De leden van de RPF-fractie hebben kennis genomen van het standpunt van de regering dat werkgever en werknemer in concrete gevallen moeten beoordelen of het verlof aan de beoogde doelstellingen bijdraagt. Zij vragen zich af of het terecht is dat geen principieel onderscheid wordt gemaakt tussen verlof in verband met zorg en verlof in verband met scholing. Zorgtaken dienen veelal maatschappelijke belangen, terwijl scholing vaak primair een belang is van de werkgever en/of werknemer. De scholing hoeft zelfs niet direct verband te houden met de functie van de verlofganger. Wil de regering hierop reageren?

Aansluitend informeren deze leden of het denkbaar is dat werkgever en werknemer oneigenlijk gebruik zullen maken van de regeling. Zo zouden ze het eens kunnen zijn over een geplande, langdurige vakantie van de werknemer en, om in aanmerking te komen voor de financiering, voorwenden dat het om educatieverlof gaat. Met andere woorden, hoe fraudegevoelig is de regeling? Deze leden hebben met instemming kennis genomen van het voorstel om bij palliatief verlof geen plicht tot vervanging te doen gelden. Zij vragen de regering of verlof ten behoeve van de verzorging van een terminale zieke wel gemaximeerd moet worden.

De leden van de SGP-fractie constateren, dat er ten aanzien van het palliatief verlof enkele voorwaarden ter zake van de toekenning van een financiële vergoeding niet van kracht zijn. Zij vinden dat een goede zaak. Toch vragen zij de regering of het reëel is om aan het palliatief verlof de vereiste te verbinden, dat een werknemer minimaal één jaar in dienst moet zijn geweest voor dezelfde werkgever. Dat doet naar hun mening tekort aan het karakter van dit verlof. In tegenstelling tot de andere genoemde verlofregelingen is de noodzaak tot het opnemen van palliatief verlof veelal van onverwachte, niet te voorziene aard. Niet in te zien is, waarom voor dit verlof ook voor wat betreft de voorwaarde genoemd in artikel 2, tweede lid, onderdeel a, geen uitzondering gemaakt kan worden.

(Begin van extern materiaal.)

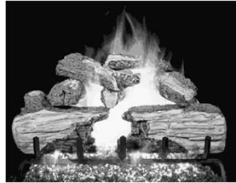
Charred Split Oak (CHS Series) Sizes 18/20", 24", 30", 36"

De leden van de GPV-fractie lezen op blz. 5 van de MvT dat de totstandkoming en inhoud van de verlofafspraak de verantwoordelijkheid is van de werknemer en werkgever en dat de grenzen van wat onder het verlof valt individueel en situationeel is bepaald. Betekent dat feitelijk niet dat de werkgever dit bepaalt? De werkgever is immers niet verplicht het verlofverzoek te honoreren. Ligt hier geen kiem voor een conflict tussen werknemer en werkgever, bijvoorbeeld als de werkgever een redelijk verzoek van de werknemer niet inwilligt? Behalve dat een werkgever de verlofmogelijkheid kan beperken is het ook denkbaar dat deze mogelijkheid wordt verruimd. Is er enige vorm van controle mogelijk of de reden van verlofopneming legitiem is, zo vragen ook deze leden. Of wordt de legitimiteit van het verlof bepaald door de houding van de werkgever?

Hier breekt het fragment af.